Formatted question description: https://leetcode.ca/all/2073.html

2073. Time Needed to Buy Tickets (Easy)

There are n people in a line queuing to buy tickets, where the 0th person is at the front of the line and the (n - 1)th person is at the back of the line.

You are given a 0-indexed integer array tickets of length n where the number of tickets that the ith person would like to buy is tickets[i].

Each person takes exactly 1 second to buy a ticket. A person can only buy 1 ticket at a time and has to go back to the end of the line (which happens instantaneously) in order to buy more tickets.

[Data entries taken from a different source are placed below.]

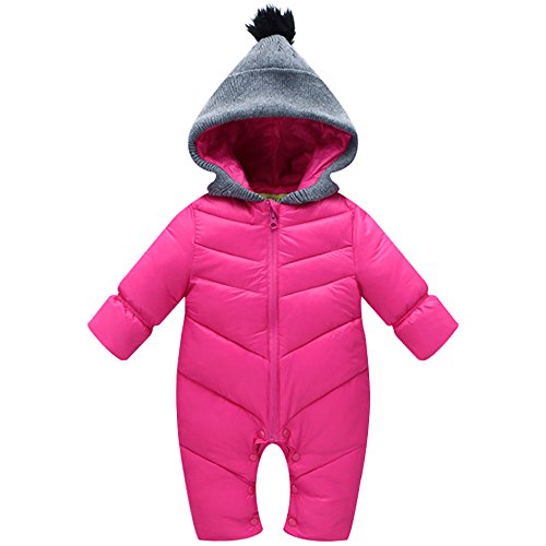 KINDOYO 新生児 子供たちワンピース 冬 ラブリー ベビー カバーオール アニマル ロンパース 男女ユニセックス 寝間着 厚い シャム フード付き ボディスーツ , ピンク
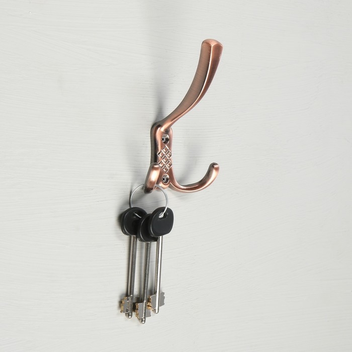 Крючок мебельный ТУНДРА TKT003, трехрожковый, медь
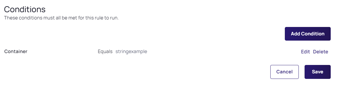 Rule conditions are filters that define who receives the email or Slack message when a notification arrives. Conditions are matched with text string matching: equals, not equals, or regex. If no condition exists, the rule triggers for every message of the defined types. Condition types include:
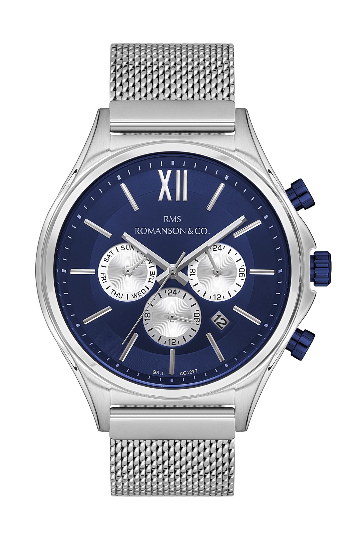 Erkek - Kronometre - Gümüş - Mavi̇ - Çeli̇k Örme Kordon - 3 Atm - Sertleşti̇ri̇lmi̇ş Mi̇neral Cam - Grand Romanson
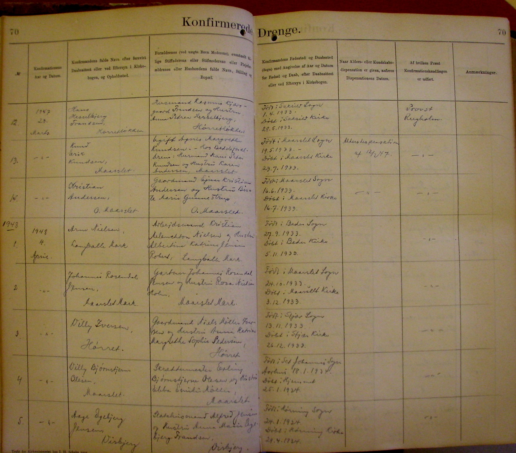 Side 70. 1947-1948. Konfirmerede DRENGE
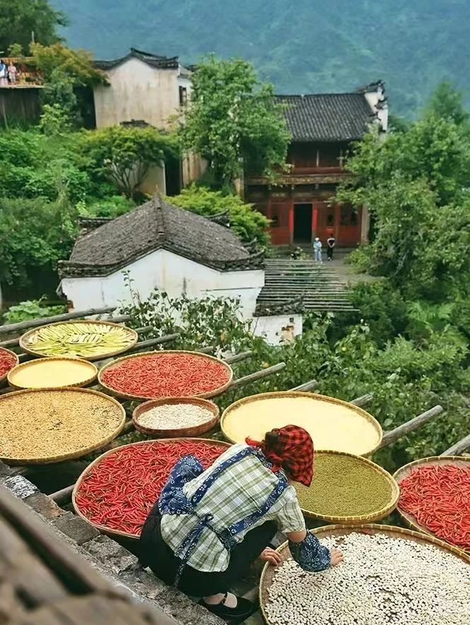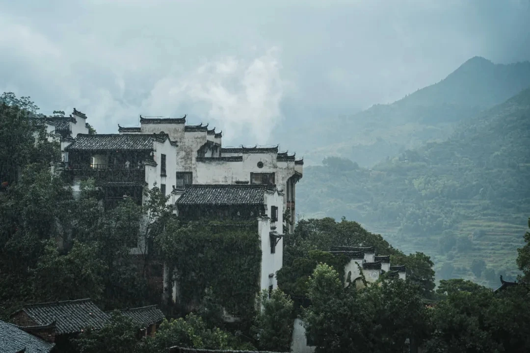 白日里的篁嶺,是一幅徐徐展開的鄉(xiāng)愁畫卷。粉墻黛瓦的徽派建筑依山而建,晨起云霧繚繞,宛如人間仙境。
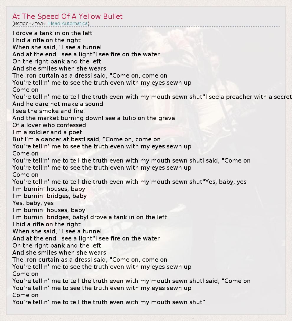 А как ты думаешь, о чем песня "At The Speed Of A Yellow Bullet" ?
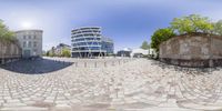 A 360-view of Berlin's circular city street, surrounded by large buildings. Cobblestone road and historic architecture create a charming urban design. Clear sky casts hard shadows, highlighting the city's vibrant city life.
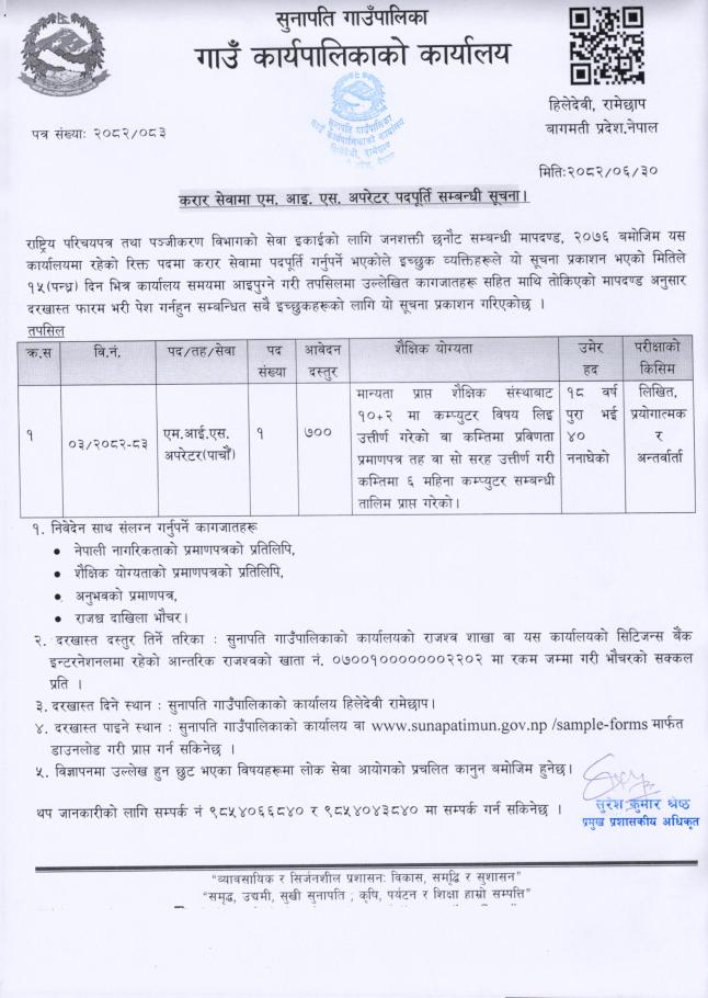 करार सेवामा एम आइ एस अपरेटर पदपूर्ति सम्बन्धी सूचना

If a person does not have any tickets left to buy, the person will leave the line.

Return the time taken for the person at position k (0-indexed) to finish buying tickets.

 

Example 1:

Input: tickets = [2,3,2], k = 2
Output: 6
Explanation: 
- In the first pass, everyone in the line buys a ticket and the line becomes [1, 2, 1].
- In the second pass, everyone in the line buys a ticket and the line becomes [0, 1, 0].
The person at position 2 has successfully bought 2 tickets and it took 3 + 3 = 6 seconds.

Example 2:

Input: tickets = [5,1,1,1], k = 0
Output: 8
Explanation:
- In the first pass, everyone in the line buys a ticket and the line becomes [4, 0, 0, 0].
- In the next 4 passes, only the person in position 0 is buying tickets.
The person at position 0 has successfully bought 5 tickets and it took 4 + 1 + 1 + 1 + 1 = 8 seconds.

 

Constraints:

  • n == tickets.length
  • 1 <= n <= 100
  • 1 <= tickets[i] <= 100
  • 0 <= k < n

Similar Questions:

Solution 1. Brute Force Simulation

  • // OJ: https://leetcode.com/problems/time-needed-to-buy-tickets/
// Time: O(SUM(A))
// Space: O(1)
class Solution {
public:
    int timeRequiredToBuy(vector<int>& A, int k) {
        int step = 0;
        while (true) {
            for (int i = 0; i < A.size(); ++i) {
                if (A[i] == 0) continue;
                A[i]--;
                ++step;
                if (A[k] == 0) return step;
            }
        }
    }
};

  • // Todo

  • # 2073. Time Needed to Buy Tickets
# https://leetcode.com/problems/time-needed-to-buy-tickets

class Solution:
    def timeRequiredToBuy(self, tickets: List[int], k: int) -> int:
        if tickets[k] == 0: return 0
        
        A = deque([(index, t) for index, t in enumerate(tickets) if t > 0])
        time = 0
        
        while A:
            n = len(A)
            
            for _ in range(n):
                index, t = A.popleft()
                time += 1
                
                if index == k and t == 1:
                    return time
                
                if t - 1 > 0:
                    A.append((index, t - 1))

Solution 2. One Pass

For i <= k, A[i] contributes min(A[k], A[i]) steps.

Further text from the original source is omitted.